Investing.com -- A weakening U.S. dollar could reshape the investment landscape in Europe, according to Jefferies analysts, who say investor conversations are now focused on “when and not if dollar weakness continues.”
Jefferies outlined two possible paths: a controlled decline in the dollar or a disorderly devaluation that could hurt global growth.
In either case, the implications for European equities are seen as significant.
“We see Airlines, Banks, Consumer, Mining and Infrastructure as best positioned” in a weaker dollar environment, the analysts wrote.
They argue that the structural drivers behind the dollar’s recent drop, down 8% since January, are unlikely to reverse soon.
“Narrowing the large U.S. trade deficit is core to the Trump administration’s agenda,” Jefferies noted. Additionally, they believe the perceived role of the dollar as the global reserve currency may be structurally changing.
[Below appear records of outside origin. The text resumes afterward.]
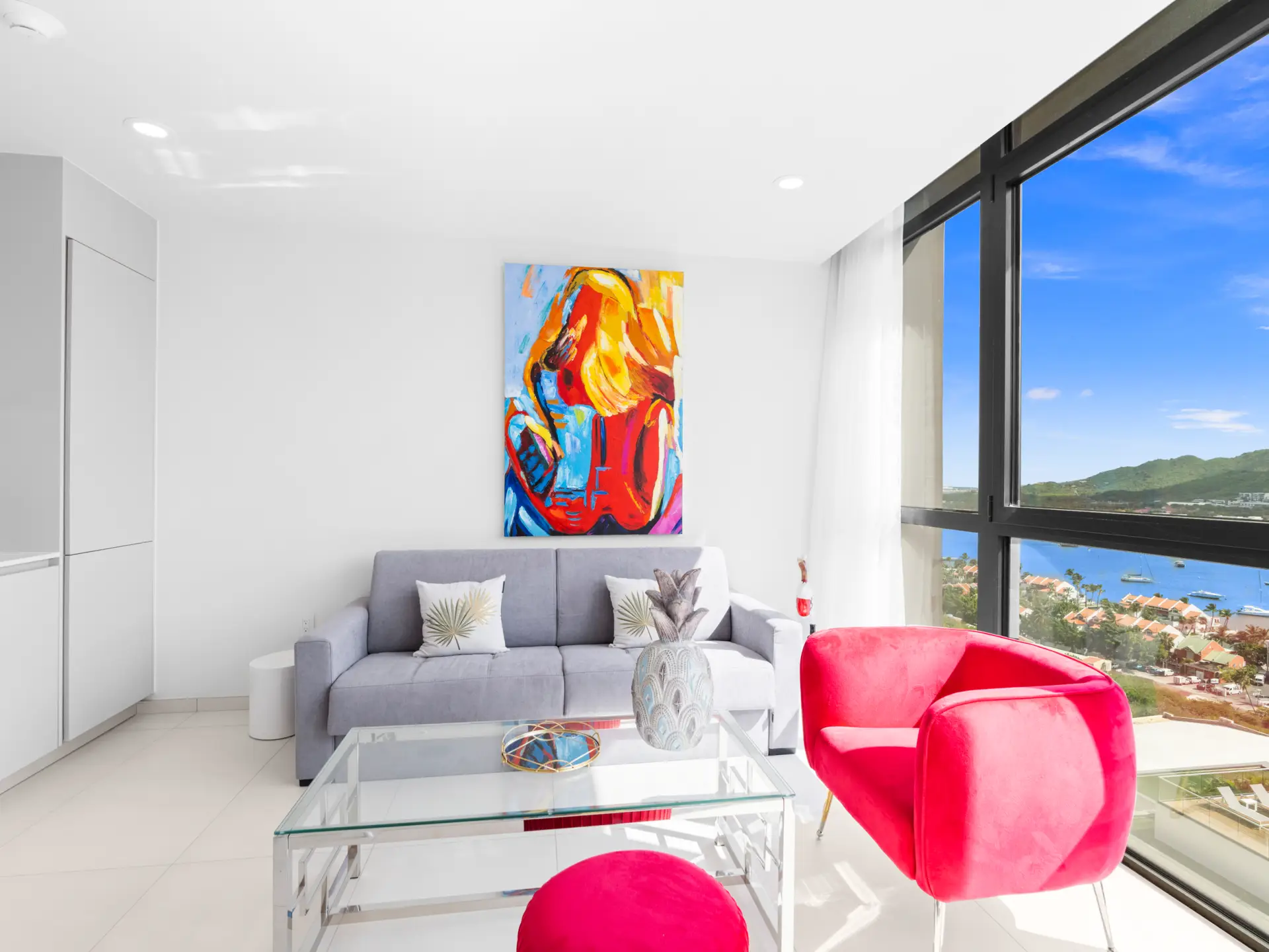 Perched on the top floor of Building 3, Apartment C-355 offers unparalleled luxury with sweeping views of the Simpson Bay Lagoon. This beautifully designed one-bedroom apartment combines modern sophistication with ultimate comfort, making it the perfect retreat for relaxation and rejuvenation.
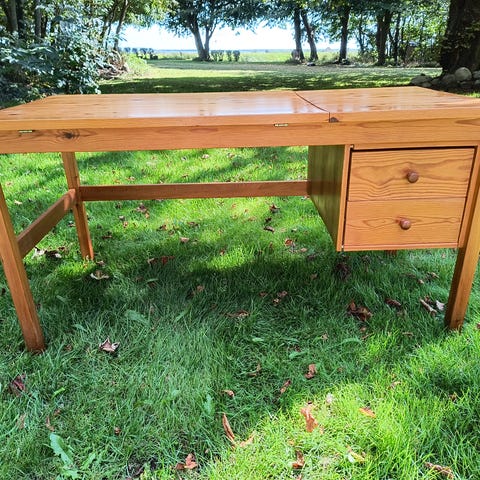 Skrivebord malet lyserød.
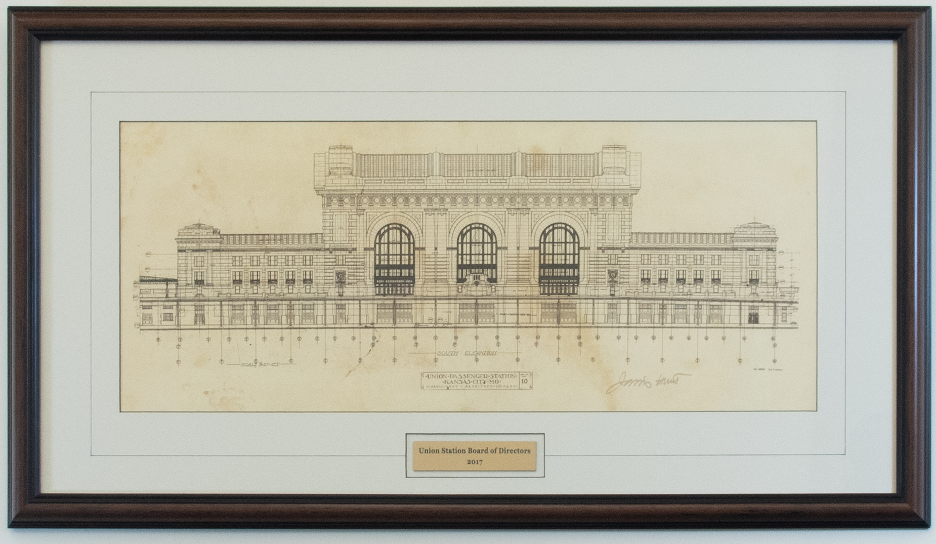 Kansas City's Union Station was built in 1914 as a product of the City Beautiful movement, an urban planning initiative in the United States in the late 19th and early 20th centuries to introduce grandeur to cityscapes. The new structure would replace the original Union Depot in the West Bottoms and be moved out of the floodplain and closer to the city's metropolitan center near Main Street and Pershing Road along the Kansas City Terminal Railway. Chicago Architect Jarvis Hunt was selected by the movement and designed the building accordingly in a Beaux-Arts style, including elements such as classical masonry, arched windows, a hierarchy of spaces, and a flat roof. The exterior, rendered in this drawing, corresponds to the grand central hall flanked on both sides by lowered structures for administrative spaces. Three massive arched windows punctuated by a monumental stone colonnade define the hall's exterior design. The architect named the structure "Union Passenger Station Kansas City MO" in a tag below the building itself that also includes his name, profession, location, and date created which was December 1st, 1910.
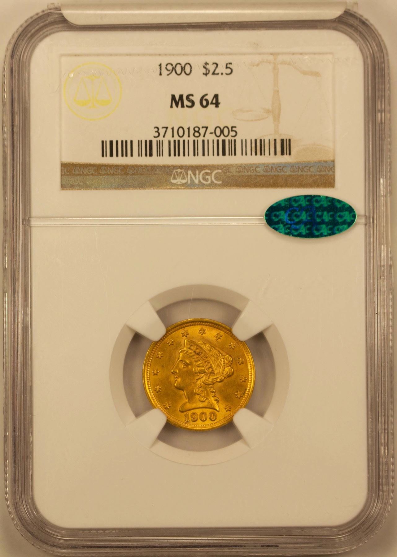 1900 Liberty Head Gold Quarter Eagle $2.5 NGC MS-64 CAC
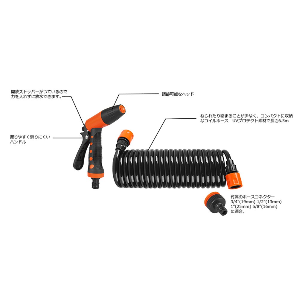 ●ホースの全長は6.5mでコイル状になっており場所を取りません。ホースを重ねてもねじれたり絡まることが少なく、しかもコンパクトに収納できます。
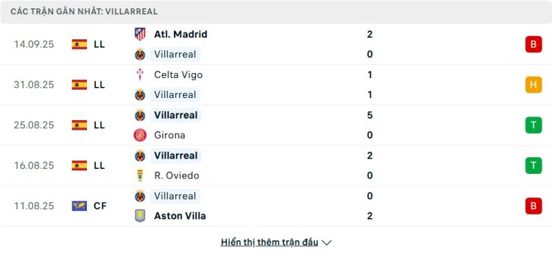 5 trận gần nhất của Villarreal: L-D-W-W-L
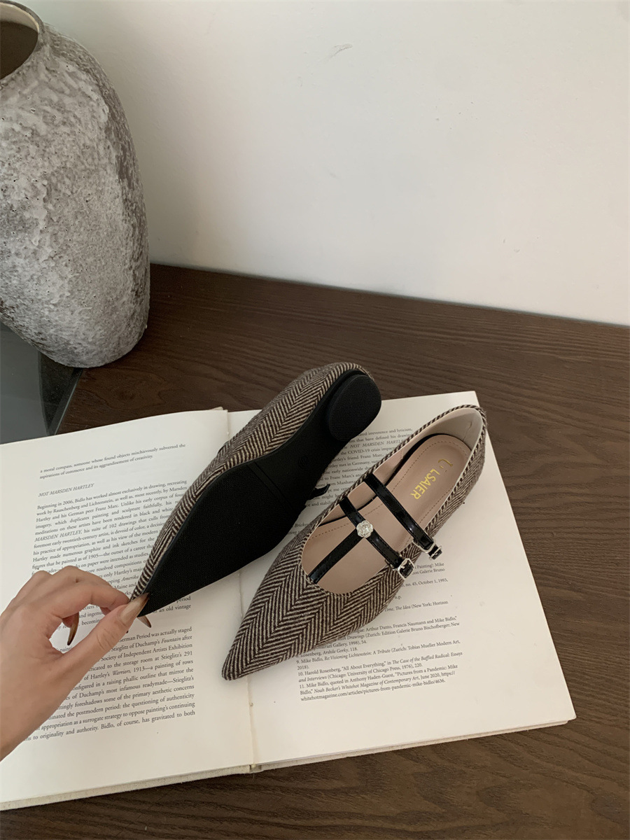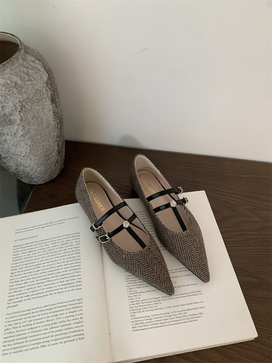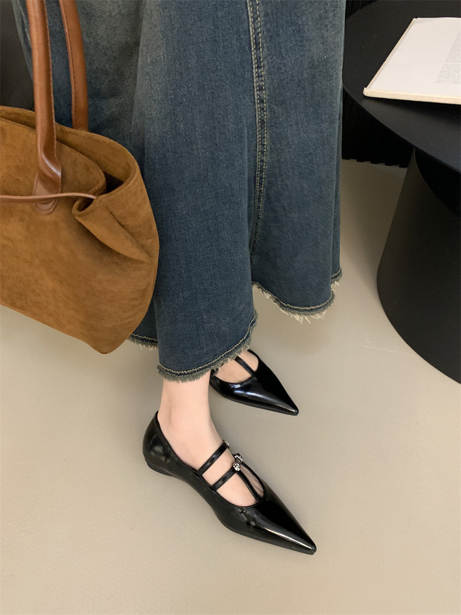 뾰족한 청키 힐 특허 메리 제인 여성의 봄/여름 2025 새로운 부드러운 가죽 하이힐과 가죽 블랙 라인스톤 신발스토어 가기
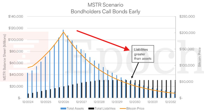 この場合、$MSTRは、債券の早期償還が求められるため、Bitcoinの保有資産を清算する必要があるかもしれません。
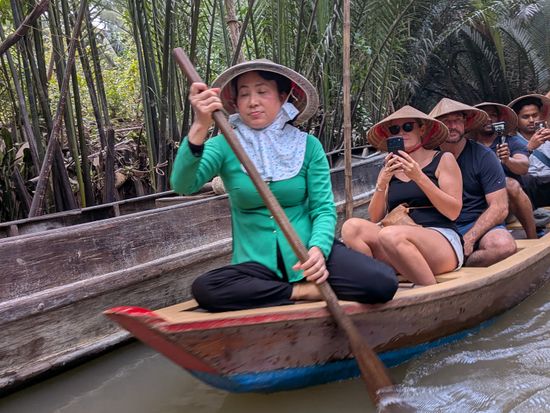 ホーチミンでは最も定番のツアーの一つですが、オペレーターのKhanhさん、ガイドのSamさんのおかげで充実した一日を過ごすことが出来ました。英語が苦手なのでグループツアーは不安でしたがSamさんの話し方は比較的聞き取りやすかったです。参加者は欧米、アジア各国から来ていました。自分を含めぼっちの参加者も何人かいました。バスの移動時間が長いですが、十分快適でした。足腰の弱い方い方は小舟に乗るのをスキップすることも可能です。
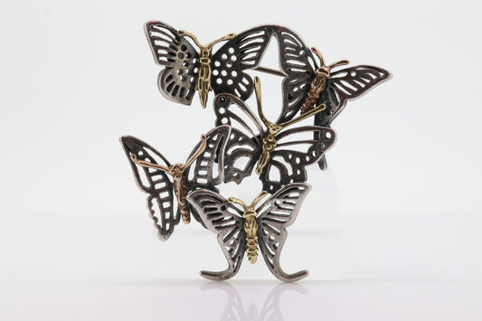 LAGOS Caviar Butterfly Brooch. Sterling Silver 18K Yellow Gold Butterfly Charm Heavy Pin Brooch. (st71)
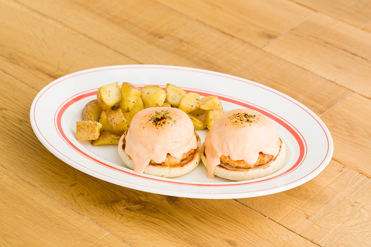 「クラブケーキベネディクト ~ハニーオーロラソース~」(1674円)は、カニがたっぷり入った自家製クラブケーキを、エッグスベネディクトに仕上げた。カニの旨味に意外とぴったりハマるハニーオーロラソースは、味わってみる価値アリ!
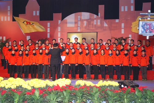 華珠公司合唱團全體人員,市歌舞團全體演員共同演唱《感恩的心》,聯(lián)歡會落下帷幕
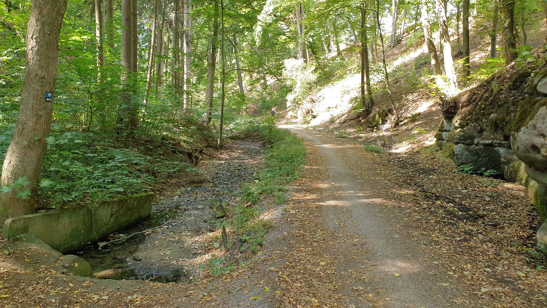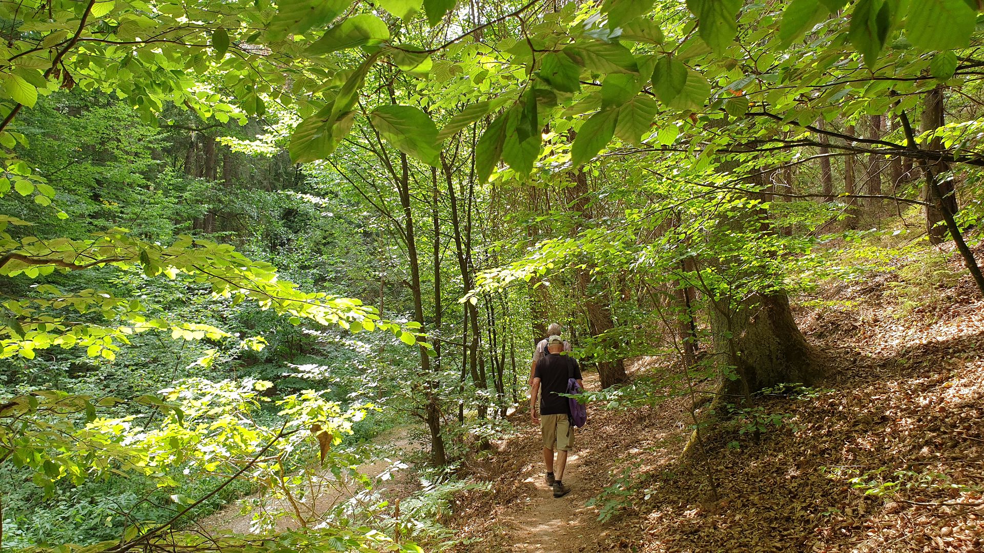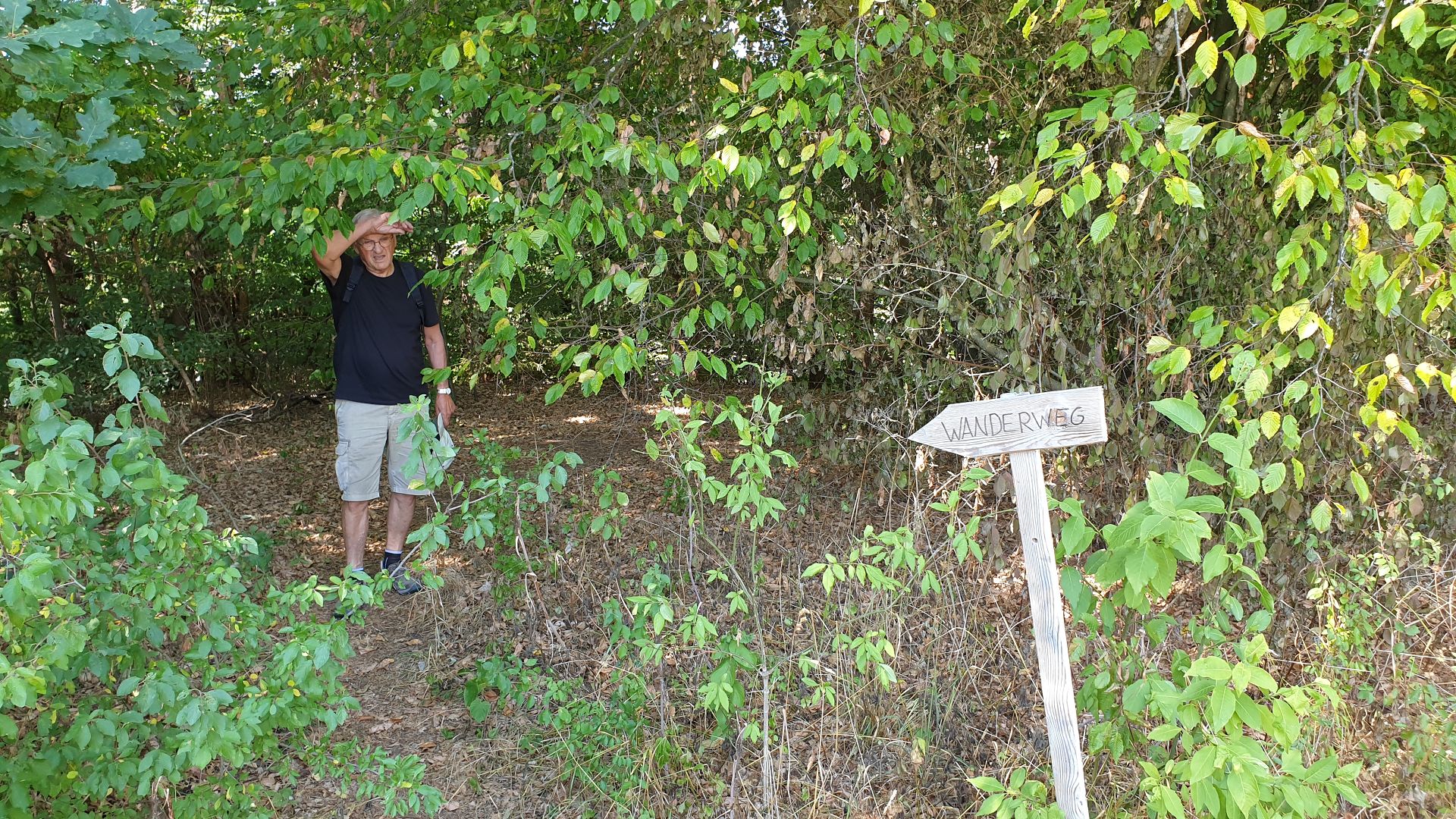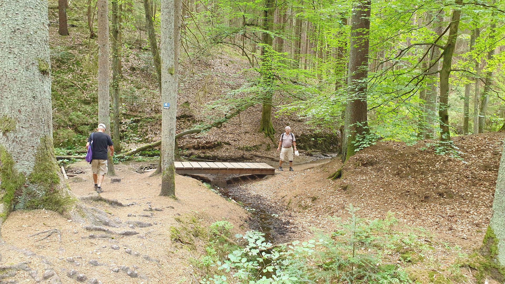 wieder zu verlassen. Wir nahmen also nach einem knappen Kilometer den kürzesten Weg in den kühlen Wald. Wegen einer Baustelle mussten wir noch einen kleinen Umweg durch Unterholz in kauf nehmen, bevor wir bei jetzt angenehmen Temperaturen am Fröschauer Weiher entlang liefen. Nach dem Überqueren der Straße am Ende der Weiher heißt es aufgepasst: Der Weg in den Wald auf der gegenüberliegenden Seite ist nur schwer zu finden. Und er führt - ohne besonderen Hinweis und auch schlecht zu erkennen - gleich rechts steil bergan. Oben, am Ende des Waldes, erfährt man dann durch ein Hinweisschild, dass das wirklich sehr schlecht gekennzeichnete rutschige Steilstück tatsächlich ein Wanderweg war! Wir überqueren ein (in der Hitze als sehr lang empfundenes) Brachstück und gelangen an dessen Ende in einen schönen Wald und nach einer Weile in eine "Kathedrale" aus jungen Buchen: schön anzusehen und schön kühl. Dann folgt noch ein kurzes Wegstück in der prallen Sonne, bevor wir uns im Gasthaus "Weißes Kreuz" im Schatten niederlassen. Hier werden hervorragend verpflegt. Nach einer entspannenden
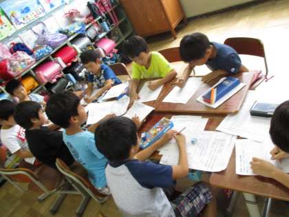 グループに分かれて,質問を考えたり,練習をしたりしています。
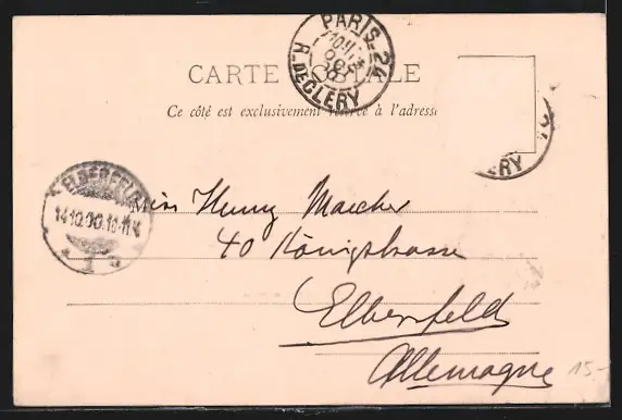 alte Ansichtskarte, gelaufen, Briefmarke entfernt, rückseitig Oberflächenschaden, guter Zustand
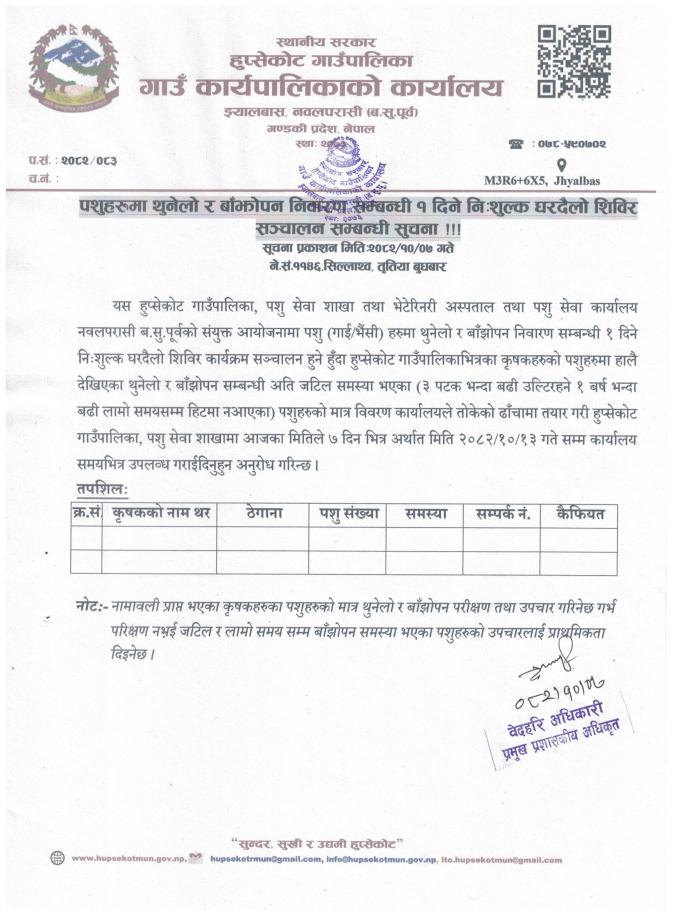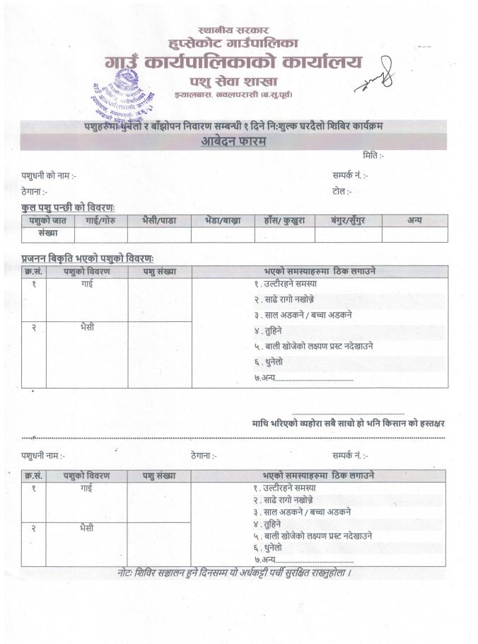 पशुहरुमा थुनेलो र बाँझोपन निवारण सम्बन्धी १ दिने निःशुल्क घरदैलो शिविर संचालन सम्बन्धी सूचना!!!

From a market perspective, Jefferies sees an opportunity. “The U.S. has peaked as a share of MSCI World market cap,” they wrote, adding that Europe’s relative growth outlook is improving thanks to fiscal expansion, capital markets union, and rising competitiveness.
“The case for large-cap, liquid European stocks may have never looked stronger,” stated the firm.
Jefferies adjusted its Franchise Picks list in response to the shifting FX landscape, adding AB InBev due to “EM tailwinds, $ reporting,” and removing ASM International (AS:ASMI) due to “cycle weakness.”
In a scenario where the U.S. manages trade deals and central banks cushion any turbulence, the firm says sectors like food, retail, and steel would benefit. However, in a more disruptive outcome with rising tariffs, Jefferies warns that investors may need to “brace yourself.”
Still, they remain optimistic, stating that “commodities remain structurally well-positioned,” and many European sectors now enjoy resilient local supply chains and lower exposure to dollar-linked costs.